Analysis of hydro-abrasive erosion in Pelton buckets using a Eulerian-Lagrangian approach

Abstract

One major concern in developing high-head water resources, which usually uses Pelton turbines, especially in geologically young and fragile mountains, is hydro-abrasive erosion. However, the physical mechanism of hydro-abrasive erosion in Pelton turbine buckets is still not well understood as the cumulative erosion is changing with the transient flow in rotating buckets. In this work, a new approach to predict the cumulative erosion on a rotating surface is proposed and applied to Pelton turbine buckets.
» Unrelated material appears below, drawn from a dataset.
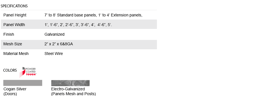 Panels are made of unframed 2" x 2" x 6&8GA welded wire mesh.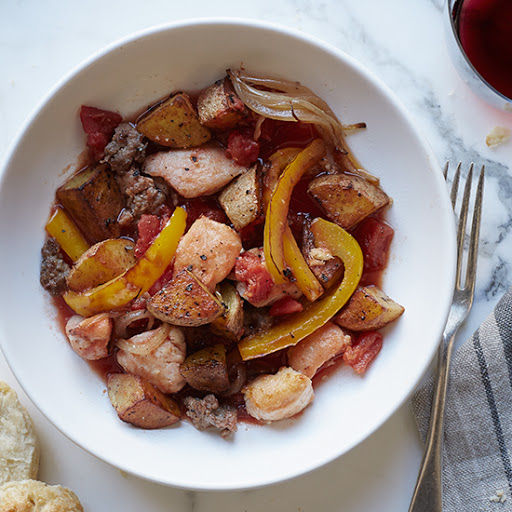 until tender and lightly browned, about 8 minutes. Add the chicken and sausage and cook until browned, about 5 minutes. Stir in the tomatoes, garlic, Worcestershire sauce, hot sauce and horseradish and cook until the sauce is thickened, about 5 minutes. Stir in the potatoes until warmed through. Season

This method is based on the Eulerian-Lagaraigian approach previously developed by authors and a novel algorithm introduced to predict the impact behavior of particles hitting rotating surfaces. The numerically obtained erosion is validated with 3D-scanned erosion profiles of buckets measured in a prototype plant. Further, a detailed analysis of the flow and hydro-abrasive erosion characteristics with bucket rotation is conducted. The good agreement with field values demonstrates the promising ability of the proposed method for quantitative erosion prediction. Interestingly, the flow interferences between the jet and the water sheet are found to produce a shield layer to prevent particles from directly impacting surfaces and consequently reduce hydro-abrasive erosion. The current work may provide important engineering insights for geometry optimization to reduce hydro-abrasive erosion.